Gemeenschappelijke opleidingskaders gebaseerd op EKK-niveaus


De richtlijn betreffende de erkenning van beroepskwalificaties (2005/36/EG) bepaalt dat gemeenschappelijke opleidingskaders voor op nationaal niveau gereglementeerde beroepen door de Commissie in gedelegeerde handelingen kunnen worden vastgesteld in de vorm van minimumpakketten van leerresultaten gebaseerd op EKK-niveaus. Kwalificaties die voldoen aan het desbetreffende gemeenschappelijke opleidingskader, worden automatisch in de hele EU erkend. Deze bepaling is nieuw en er zijn nog geen gemeenschappelijke opleidingskaders vastgesteld. De richtlijn schrijft niet voor hoe de EKK-niveaus aan de gemeenschappelijke opleidingskaders moeten worden toegewezen.

7.

Verbanden tussen het EKK en de nationale kwalificatiekaders in derde landen


Het EKK is ook buiten de EU een bron van inspiratie geweest voor de ontwikkeling van nationale kwalificatiekaders en de ontwikkeling van metakaders. Verschillende derde landen hebben aangegeven dat zij hun systemen willen relateren aan of afstemmen op het EKK, zodat hun kwalificaties vergeleken kunnen worden met die van de EU. Ondanks de toenemende stroom lerenden en werkenden van en naar de EU bevat de EKK-aanbeveling geen bepaling die voorziet in een formele uitlijning met de kaders van derde landen. In de praktijk maakt dit een formele vergelijking van kwalificaties uit derde landen met in de EU toegekende kwalificaties onmogelijk.

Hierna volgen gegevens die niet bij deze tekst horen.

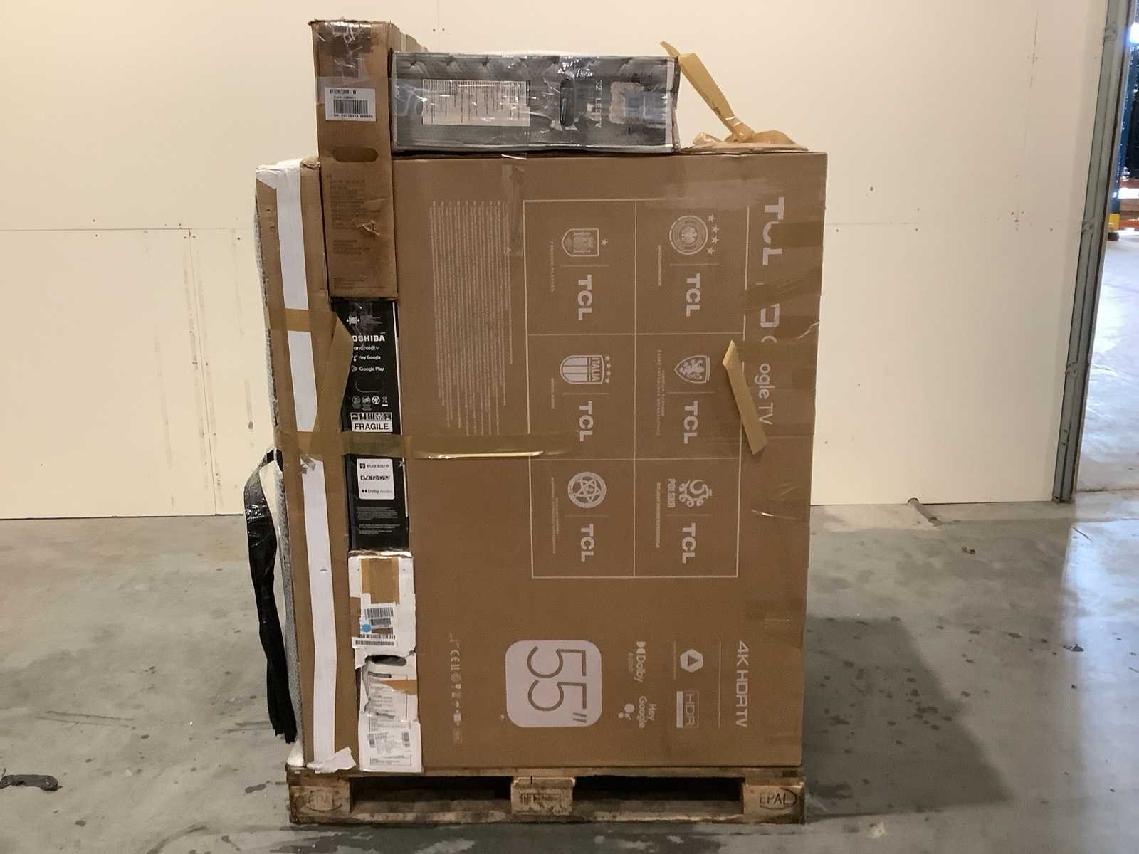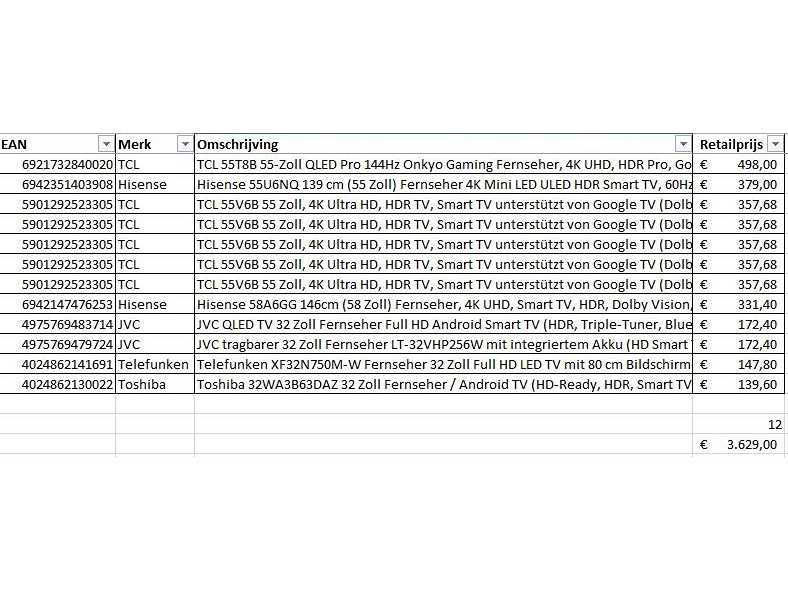 Dit betreft een partij televisies retourgoederen van een grote online retailer. De partij bestaat uit diverse diverse maten televisies. Aantal stuks: 12. Retailwaarde: €3.629,- De televisies zijn niet werkend en zijn te gebruiken voor onderdelen. Kom op de kijkdag om te om zo een goed beeld te krijgen van de reden van retour. Zie foto's voor lijst met inhoud. Merk: Pallet
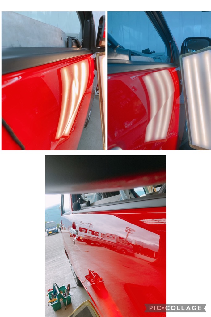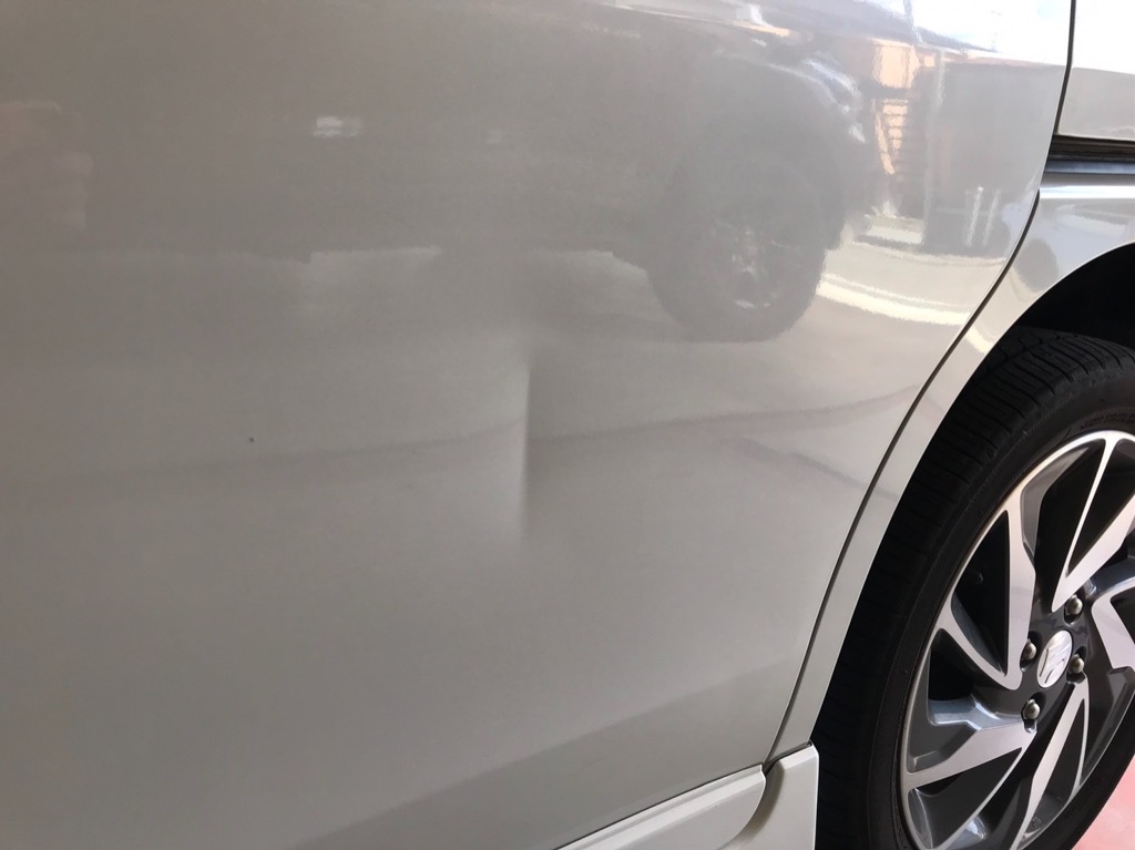 軽自動車のパネルでここまで凹むと正直難しいところ…傷は残りますがなんとかご依頼主様の満足頂ける仕上がりができました!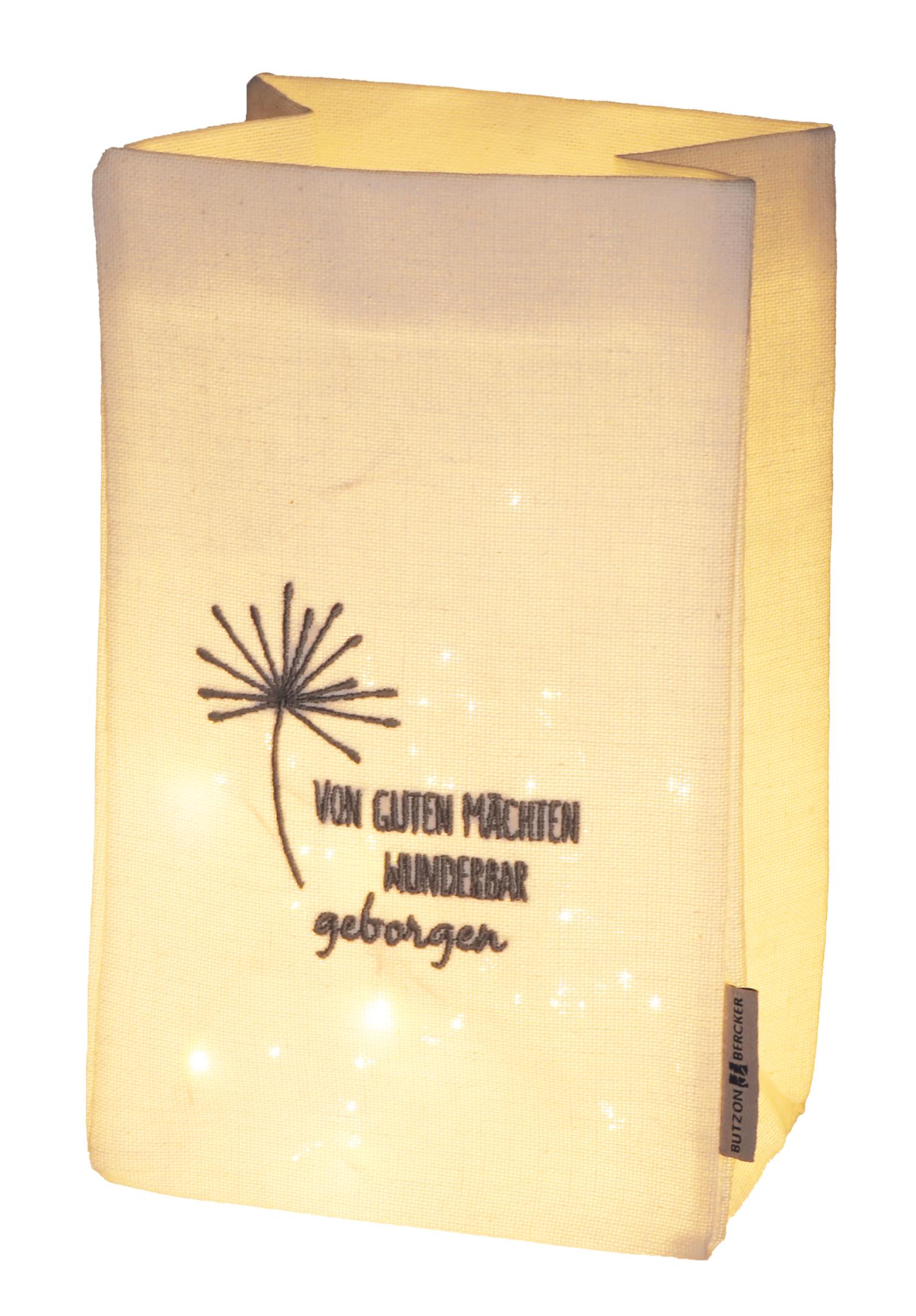 Der liebevoll gestaltete Lichtbeutel aus Stoff mit edler Bestickung "Von guten Mächten wunderbar geborgen" bringt ein Licht in jedes Zuhause. Stellt man ein kleines Teelicht im hohen Glas hinein oder aber drapiert innen eine LED-Lichterkette, so scheint ein sanftes Licht durch den lichtdurchlässigen Stoff hindurch. Diese schöne Dekoration, Geschenkidee oder Mitbringsel erhellt jedes Zuhause und zaubert eine angenehme, behagliche Atmosphäre. Bitte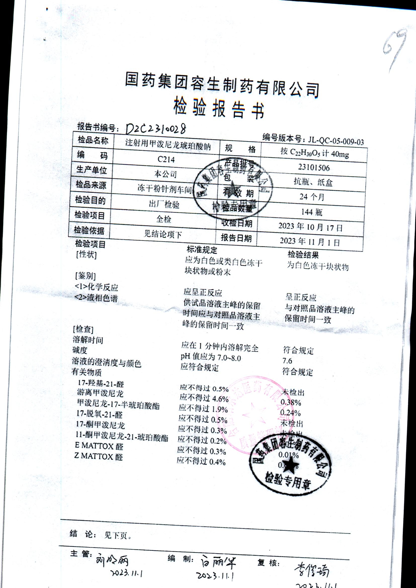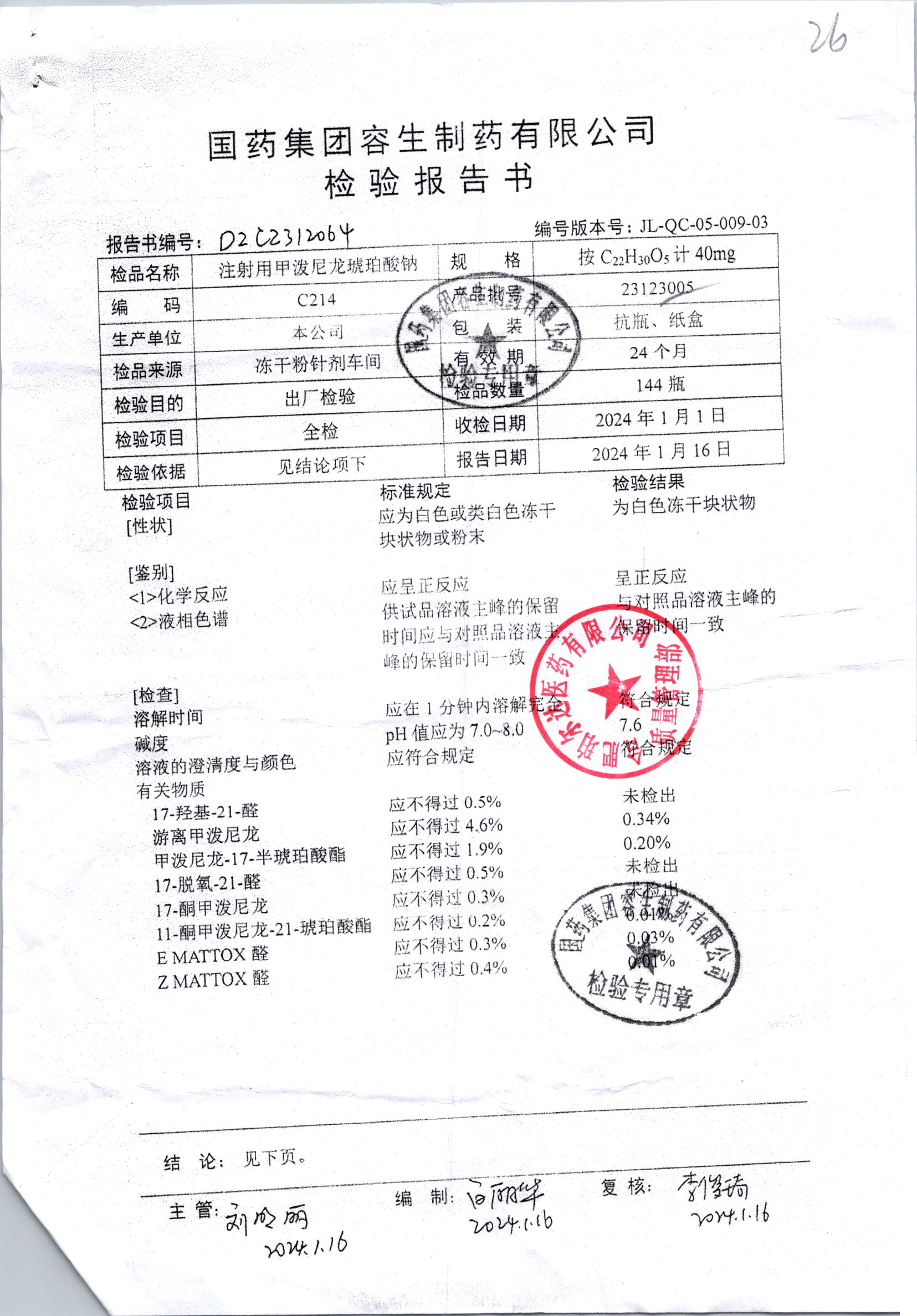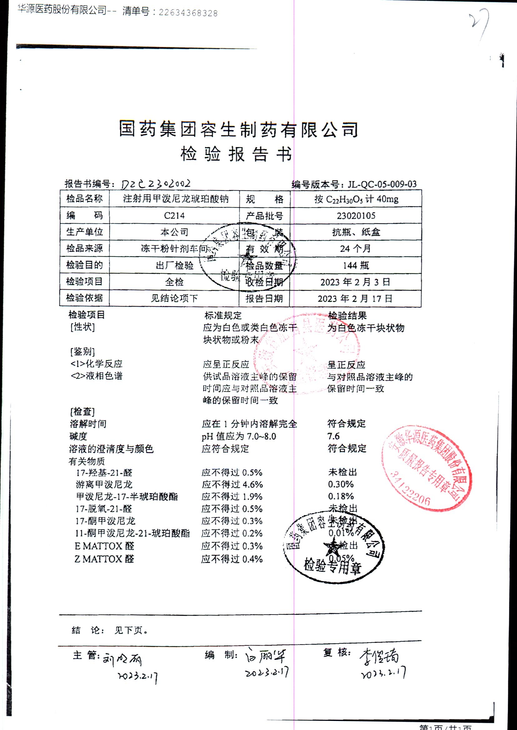 注射用甲泼尼龙琥珀酸钠 | 40mg | 23030307 | 查看详情 |

Het gebrek aan vergelijkbaarheid van in de EU toegekende kwalificaties met kwalificaties uit derde landen staat het vertrouwen in buitenlandse kwalificaties in de weg en maakt het moeilijker deze te erkennen. Dit plaatst migranten die hun kwalificatie in het buitenland hebben behaald (waaronder vluchtelingen) bij sollicitaties in een ongunstige positie ten opzichte van autochtonen en beperkt hun loopbaanmogelijkheden en promotiekansen. Dit geldt zowel voor personen met kwalificaties uit derde landen die naar de EU komen als voor personen met kwalificaties uit de EU die naar een derde land gaan. Op meer institutioneel niveau bevatten de associatieovereenkomsten tussen de EU en derde landen zoals Marokko, Oekraïne, Georgië en Moldavië bepalingen over samenwerking op het gebied van de relatering aan het EKK. Er zijn echter geen bestuurlijke mechanismen ingesteld om ervoor te zorgen dat deze bepalingen worden uitgevoerd.

8.

Beheer van het EKK


Na de vaststelling van de aanbeveling inzake het EKK van 2008 heeft de Commissie een informele deskundigengroep opgericht (de EKK-adviesgroep) om de algehele samenhang te waarborgen en ertoe bij te dragen dat de relatering van de kwalificatiesystemen transparant zou verlopen. In de aanbeveling inzake het EKK van 2008 werd de lidstaten verzocht nationale coördinatiepunten voor het EKK op te zetten om een transparante relatering van de nationale kwalificatiesystemen aan het EKK te ondersteunen en te coördineren.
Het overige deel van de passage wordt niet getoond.